In the listing below, find the line containing "HOMA Tauchmotorpumpe Flachsauger" and the line containing "Winterwunderland thematisches Geschlecht". Repeat exactly those two lines and every line between them, nothing more.
START Input for this task
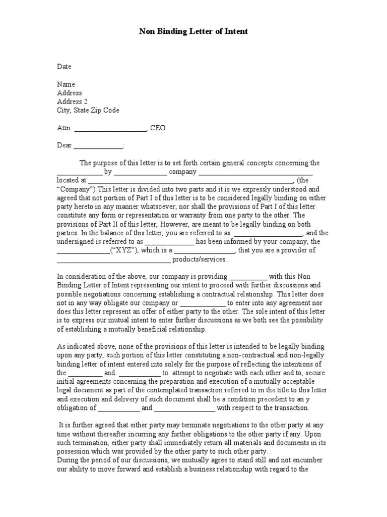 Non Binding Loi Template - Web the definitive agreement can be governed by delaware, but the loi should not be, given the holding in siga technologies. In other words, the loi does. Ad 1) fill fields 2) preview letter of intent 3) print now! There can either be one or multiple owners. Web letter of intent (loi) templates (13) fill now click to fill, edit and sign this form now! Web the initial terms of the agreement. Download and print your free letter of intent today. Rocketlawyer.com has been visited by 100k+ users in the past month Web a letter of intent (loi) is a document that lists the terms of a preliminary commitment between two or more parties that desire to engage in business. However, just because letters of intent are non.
END Input for this task
START Input for this task
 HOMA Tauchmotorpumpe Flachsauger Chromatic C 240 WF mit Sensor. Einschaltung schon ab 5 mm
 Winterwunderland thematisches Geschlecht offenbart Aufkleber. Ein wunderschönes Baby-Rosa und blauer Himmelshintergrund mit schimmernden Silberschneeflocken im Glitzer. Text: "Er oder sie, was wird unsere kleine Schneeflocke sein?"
END Input for this task
Finished task
 HOMA Tauchmotorpumpe Flachsauger Chromatic C 240 WF mit Sensor. Einschaltung schon ab 5 mm
 Winterwunderland thematisches Geschlecht offenbart Aufkleber. Ein wunderschönes Baby-Rosa und blauer Himmelshintergrund mit schimmernden Silberschneeflocken im Glitzer. Text: "Er oder sie, was wird unsere kleine Schneeflocke sein?"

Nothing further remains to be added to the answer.